The 2024 Challenger Santa Fe, known as AAT Challenger Santander edición Santa Fe, was a professional tennis tournament played on clay courts. It was the third edition of the tournament which was part of the 2024 ATP Challenger Tour. It took place in Santa Fe, Argentina between 3 and 9 June 2024.

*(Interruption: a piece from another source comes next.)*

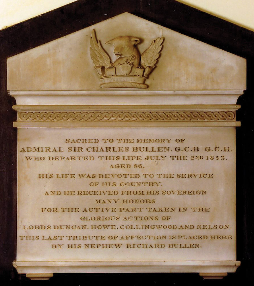 Note: In addition, St James’s Church, Shirley holds on its north staircase a large diamond-shaped painted hatchment of Sir Charles Bullen, inscribed ‘Trafalgar’, ‘Tria juncta in uno’ and ‘A rege et Victoria’.

==Singles main-draw entrants==

===Seeds===

| Country | Player | Rank^{1} | Seed |
|---|---|---|---|
| BOL | Hugo Dellien | 168 | 1 |
| BOL | Murkel Dellien | 222 | 2 |
| ARG | Santiago Rodríguez Taverna | 245 | 3 |
| LIB | Hady Habib | 259 | 4 |
| PER | Gonzalo Bueno | 276 | 5 |
| ECU | Álvaro Guillén Meza | 279 | 6 |
| ARG | Andrea Collarini | 292 | 7 |
| BRA | Pedro Sakamoto | 302 | 8 |

- ^{1} Rankings are as of 27 May 2024.

===Other entrants===
The following players received wildcards into the singles main draw:
- ARG Juan Estévez
- ARG Alejo Lorenzo Lingua Lavallén
- ARG Ezequiel Monferrer

The following player received entry into the singles main draw using a protected ranking:
- PER Nicolás Álvarez

The following players received entry into the singles main draw as alternates:
- ESP Diego Augusto Barreto Sánchez
- BRA Wilson Leite

The following players received entry from the qualifying draw:
- ARG Leonardo Aboian
- USA Dali Blanch
- ARG Tomás Farjat
- ECU Emilio Gómez
- USA Trey Hilderbrand
- Aleksandr Lobanov

==Champions==

===Singles===

- ARG Andrea Collarini def. ARG Facundo Mena 6–2, 6–3.

===Doubles===

- LIB Hady Habib / USA Trey Hilderbrand def. URU Ignacio Carou / ARG Facundo Mena 6–7^{(5–7)}, 6–2, [10–4].